[EXTRACTED ENTRIES]

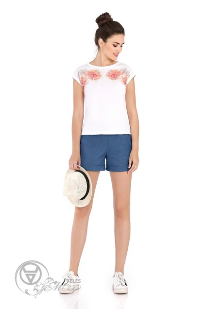 Повседневный комплект-двойка из трикотажной майки с принтом и джинсовых шорт с отворотами. Детали: майка с цельнокроеными рукавами и притачными манжетами, круглый вырез горловины; шорты на притачном поясе с резинкой по задним частям, перед с двумя небольшими складками и боковыми карманами Длина майки по спинке: 42-46=56,5 см, 48-52=58 см Длина шорт с поясом по боковому шву: 42-46=38 см, 48-52=42 см
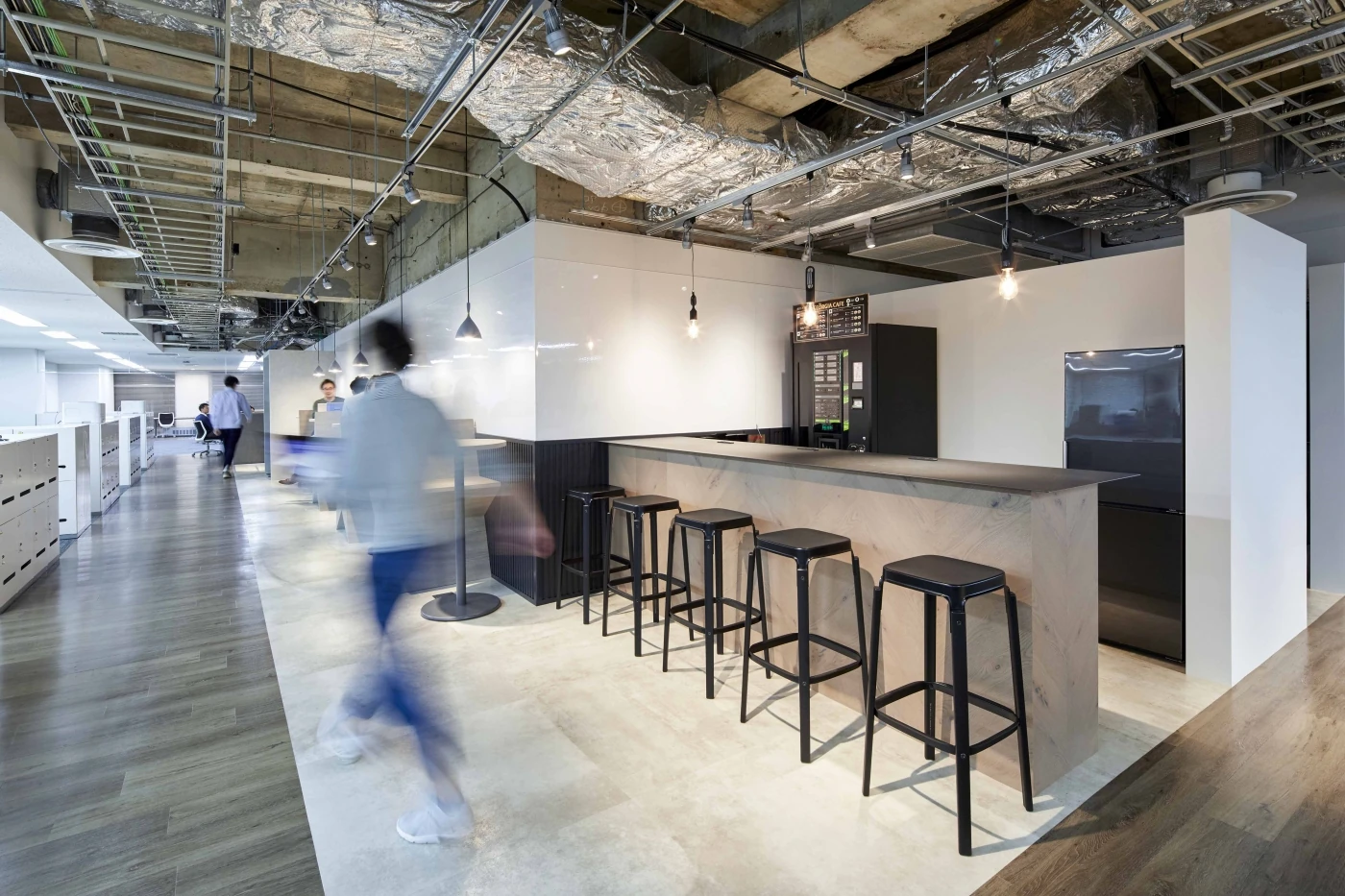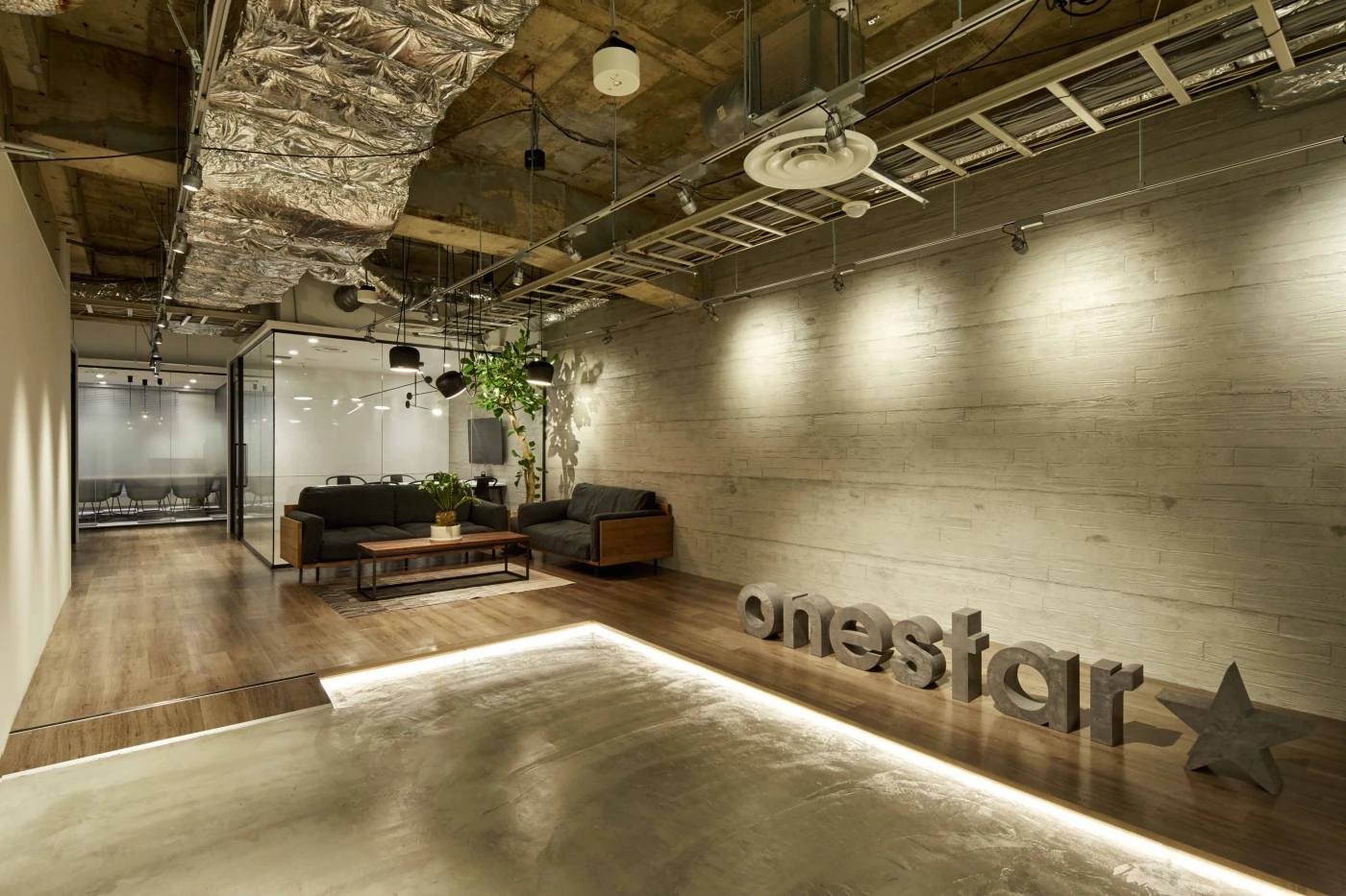 企業理念である”BeSTAR”命名の由来をもとに、”オフィスで働くひとりひとりが、自らが輝く太陽(恒星)のように、自らの輝きで周囲を照らすように”という想いを込め、オフィスをデザインしました。エントランスは壁面エイジング塗装やモルタルの床で無骨な雰囲気を、フリーエリアはカジュアルな雰囲気の中に、ライン照明とスケルトン天井でスタイリッシュさを演出しています。また、各エリアに特徴的なペンダントライトを配置したり、星型の1on1ベンチで遊び心を演出したりと、見所満載のオフィスを仕上げました。
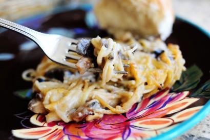 Add mushrooms, chicken, and chopped olives. Stir to combine and check seasonings. Add cooked spaghetti and stir.
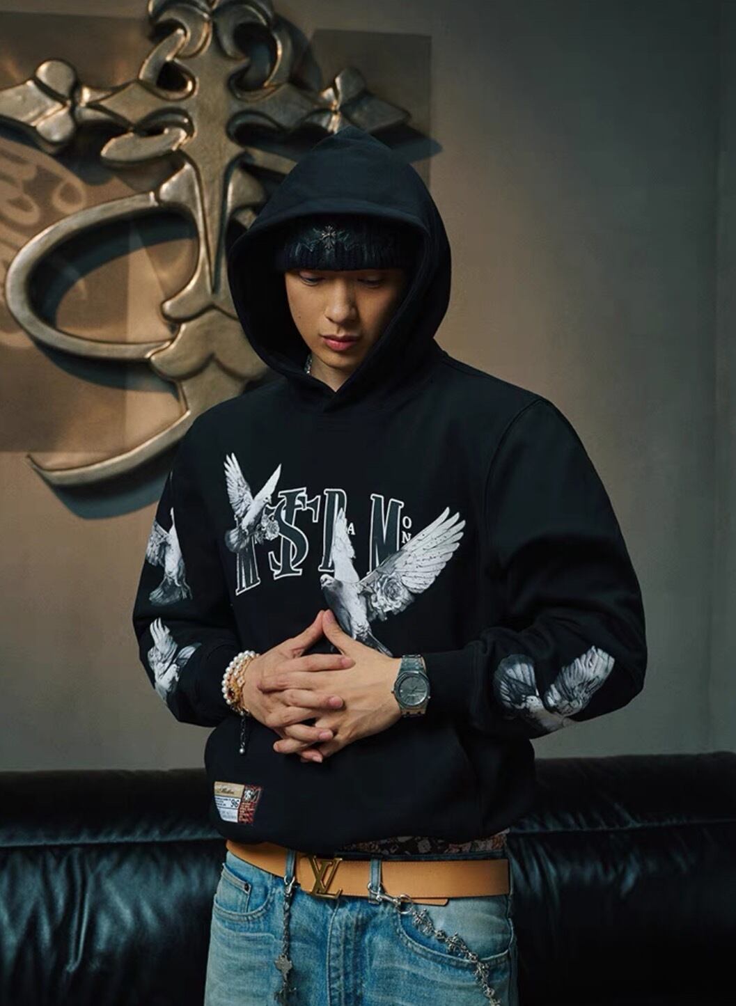 鮮烈なイーグルのデザインが特徴的なアイテムです。シンプルなスタイルの中にも存在感を引き立て、カジュアルなコーディネートはもちろん、アウトドアシーンやリラクゼーションに最適です。
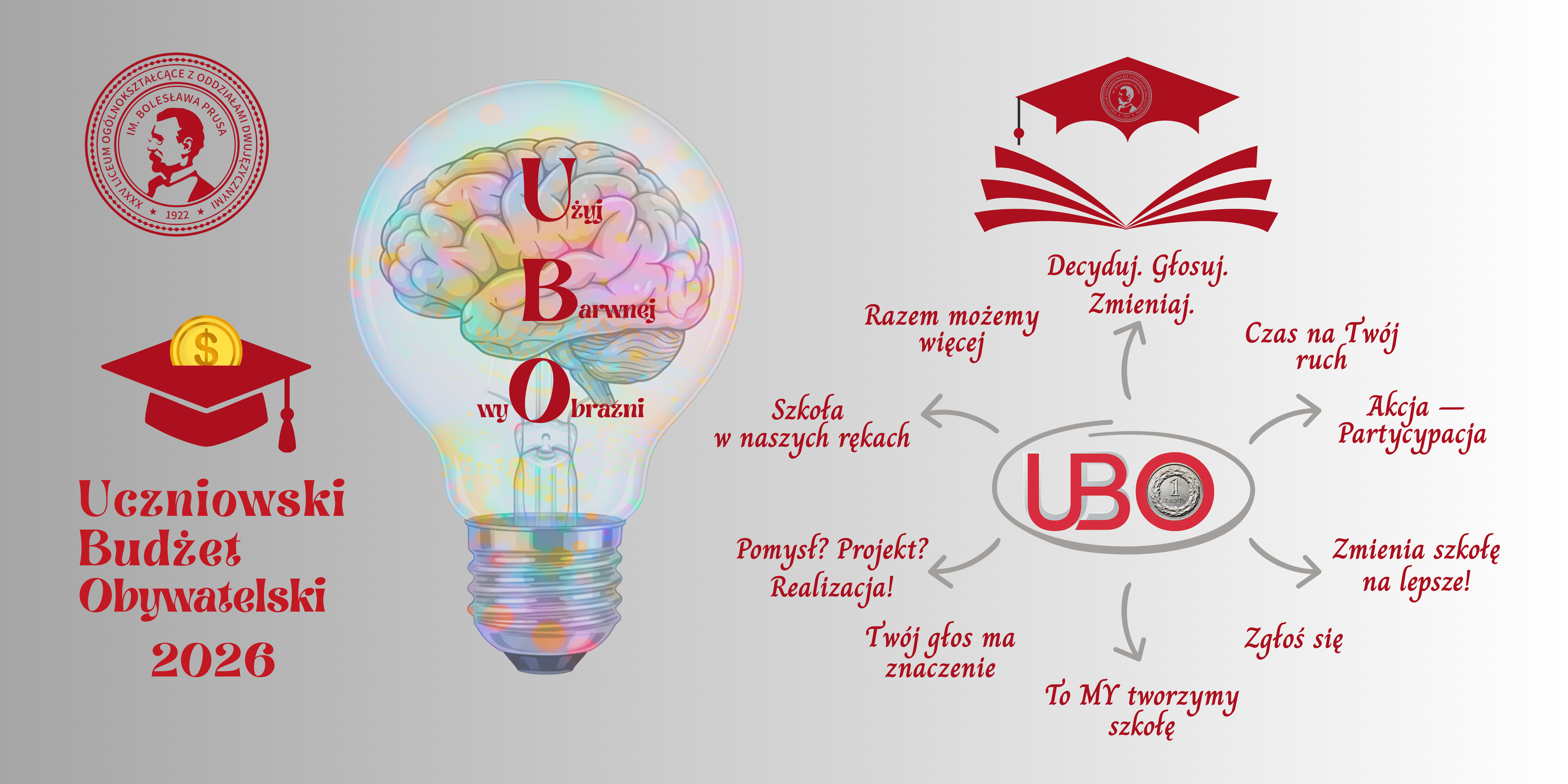 26 marca 2026 godz. 12:30 w Strefie Ciszy – spotkanie informacyjne dotyczące pisania projektów. Poinformowanie uczniów o rozpoczęciu UBO i zasadach uczestnictwa. Kampania informacyjna obejmie spotkania, plakaty, informacje na stronie internetowej oraz media społecznościowe szkoły.

[/EXTRACTED ENTRIES]

**EXERCISE DETAILS**: Without the pictures, restate all the entries above exactly.

**COMPLETED TASK**:
 Повседневный комплект-двойка из трикотажной майки с принтом и джинсовых шорт с отворотами. Детали: майка с цельнокроеными рукавами и притачными манжетами, круглый вырез горловины; шорты на притачном поясе с резинкой по задним частям, перед с двумя небольшими складками и боковыми карманами Длина майки по спинке: 42-46=56,5 см, 48-52=58 см Длина шорт с поясом по боковому шву: 42-46=38 см, 48-52=42 см
 企業理念である”BeSTAR”命名の由来をもとに、”オフィスで働くひとりひとりが、自らが輝く太陽(恒星)のように、自らの輝きで周囲を照らすように”という想いを込め、オフィスをデザインしました。エントランスは壁面エイジング塗装やモルタルの床で無骨な雰囲気を、フリーエリアはカジュアルな雰囲気の中に、ライン照明とスケルトン天井でスタイリッシュさを演出しています。また、各エリアに特徴的なペンダントライトを配置したり、星型の1on1ベンチで遊び心を演出したりと、見所満載のオフィスを仕上げました。
 Add mushrooms, chicken, and chopped olives. Stir to combine and check seasonings. Add cooked spaghetti and stir.
 鮮烈なイーグルのデザインが特徴的なアイテムです。シンプルなスタイルの中にも存在感を引き立て、カジュアルなコーディネートはもちろん、アウトドアシーンやリラクゼーションに最適です。
 26 marca 2026 godz. 12:30 w Strefie Ciszy – spotkanie informacyjne dotyczące pisania projektów. Poinformowanie uczniów o rozpoczęciu UBO i zasadach uczestnictwa. Kampania informacyjna obejmie spotkania, plakaty, informacje na stronie internetowej oraz media społecznościowe szkoły.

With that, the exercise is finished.